JRE (Java Runtime Environment)
The subset of the JDK needed to run Java programs. Contains the JVM and standard libraries, but not the compiler. End users only need this.
JVM (Java Virtual Machine)
The engine that actually runs your Java bytecode. Each operating system has its own JVM, which is how Java achieves "Write Once, Run Anywhere."
Bytecode
The intermediate code produced by the Java compiler. It is not human-readable and not machine code — the JVM translates it to machine instructions at runtime.
HelloWorld.java → javac → HelloWorld.class (bytecode)
Compiler (javac)
The program that converts your .java source code into .class bytecode files. It also checks for syntax errors before creating the bytecode.
Source Code
The human-readable Java code you write in .java files. This is what gets compiled into bytecode.
.java File
A text file containing your Java source code. The filename must match the public class name inside it.
// File: HelloWorld.java public class HelloWorld { public static void main(String[] args) { System.out.println("Hello!"); } }
.class File
The compiled bytecode file produced by javac. This is what the JVM reads and executes. You never edit these directly.
main Method
The entry point of every Java program. The JVM looks for this exact signature to start execution.
public static void main(String[] args) { // Your program starts here }
Class
A container for your code in Java. Every Java file must have at least one class, and the filename must match the public class name.
Package
A folder-like grouping that organizes your Java classes. Written in lowercase with dots as separators (e.g., com.pluralsight.app).
package com.pluralsight.app;
Import
A statement that lets you use classes from other packages without typing their full name every time.
import java.util.Scanner;
Data Types & Variables
Variable
A named container that holds a value in memory. You must declare its type before using it.

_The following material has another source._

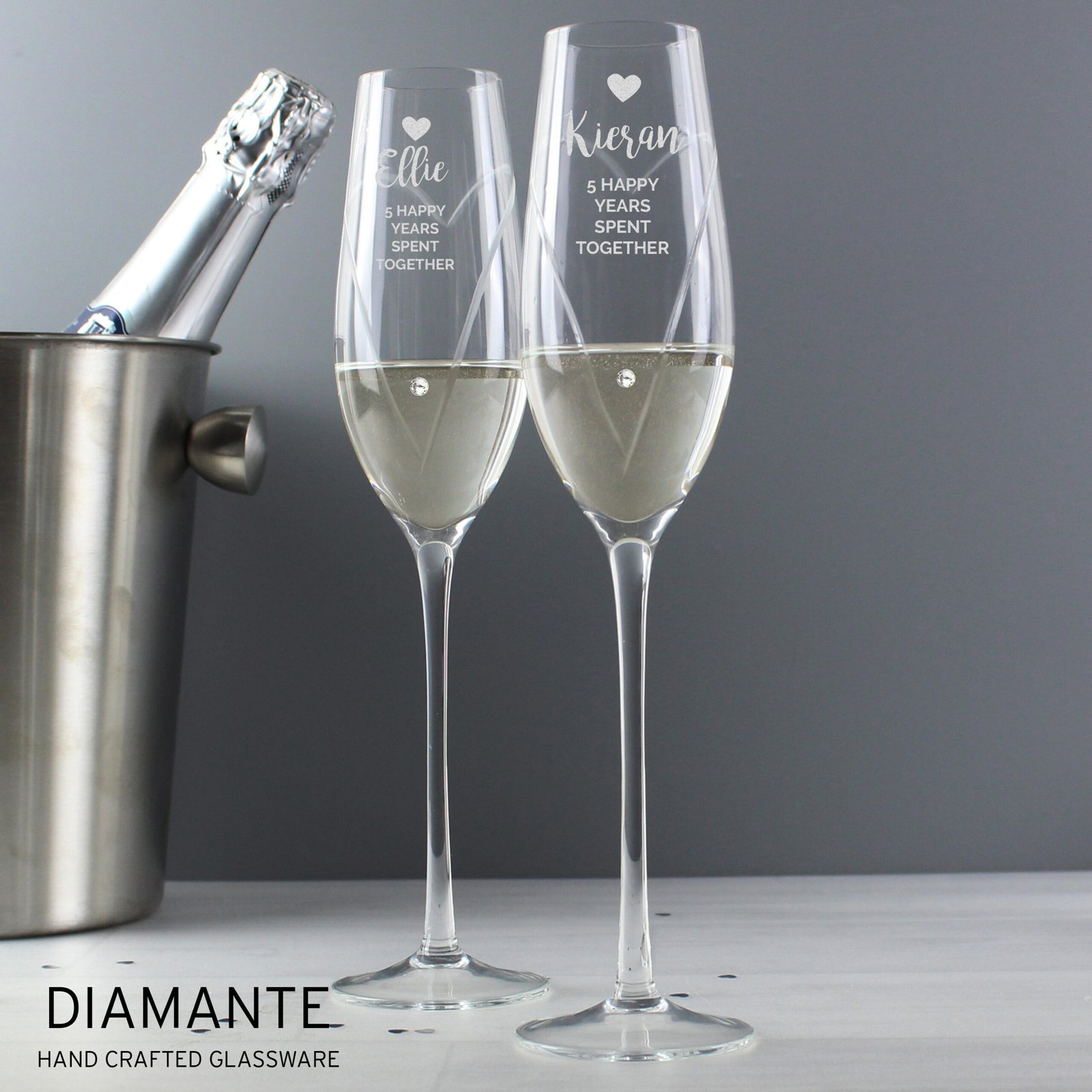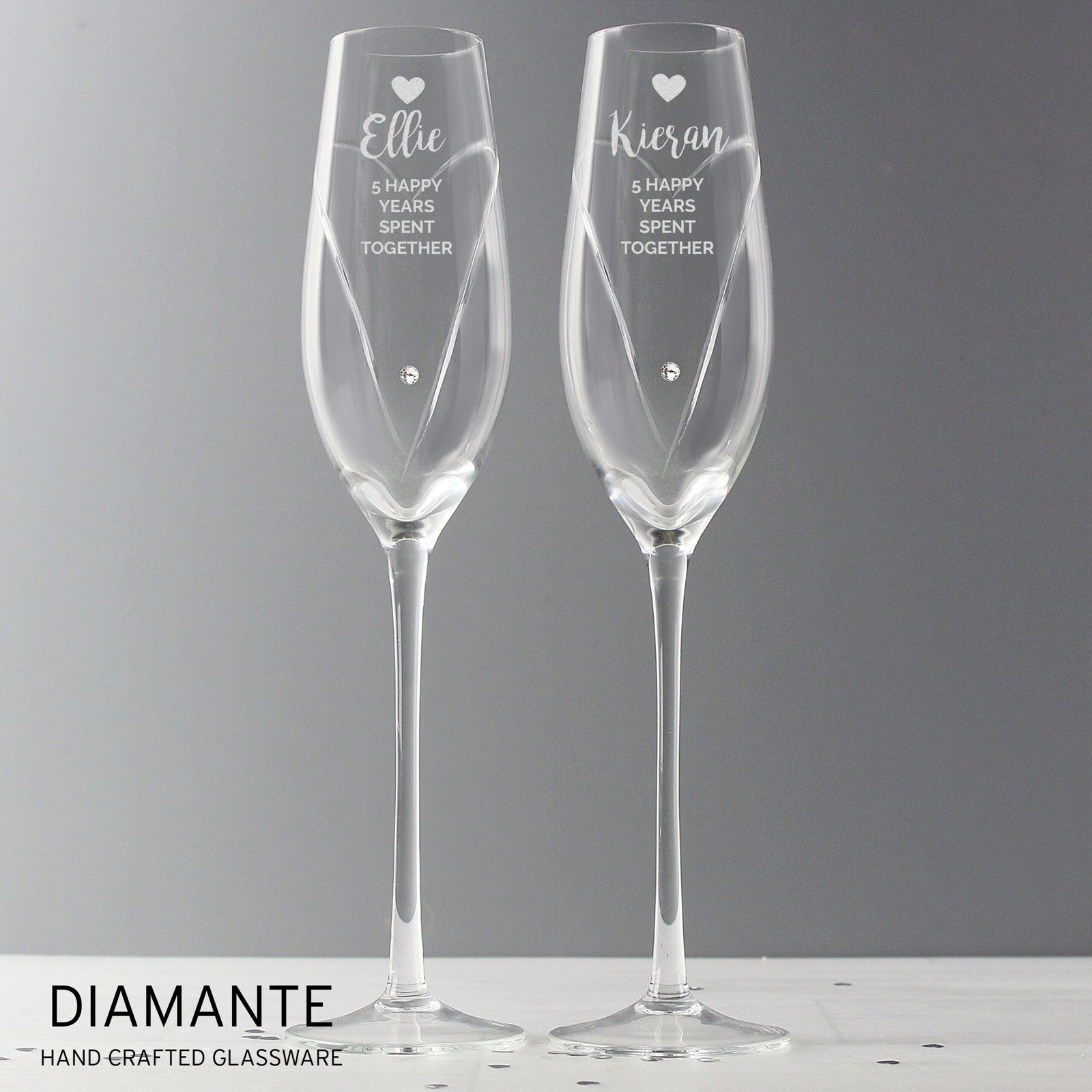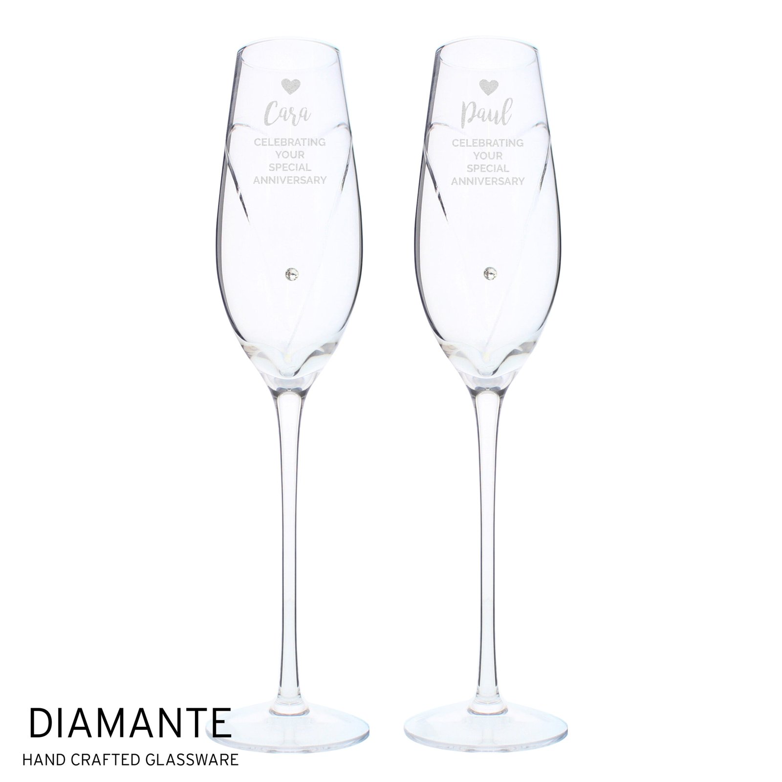 Personalised Hand Cut Heart Celebration Pair of Glass Champagne Flutes + Gift Box

int age = 25; String name = "Alice";
Data Type
Tells Java what kind of value a variable can hold (number, text, true/false, etc.) and how much memory to reserve for it.
Primitive Type
One of Java's 8 built-in basic types that store simple values directly in memory: byte, short, int, long, float, double, boolean, char.
int, double, boolean, char, byte, short, long, float
The 8 primitive types. int (whole numbers) and double (decimal numbers) are the most commonly used. boolean holds true/false. char holds a single character.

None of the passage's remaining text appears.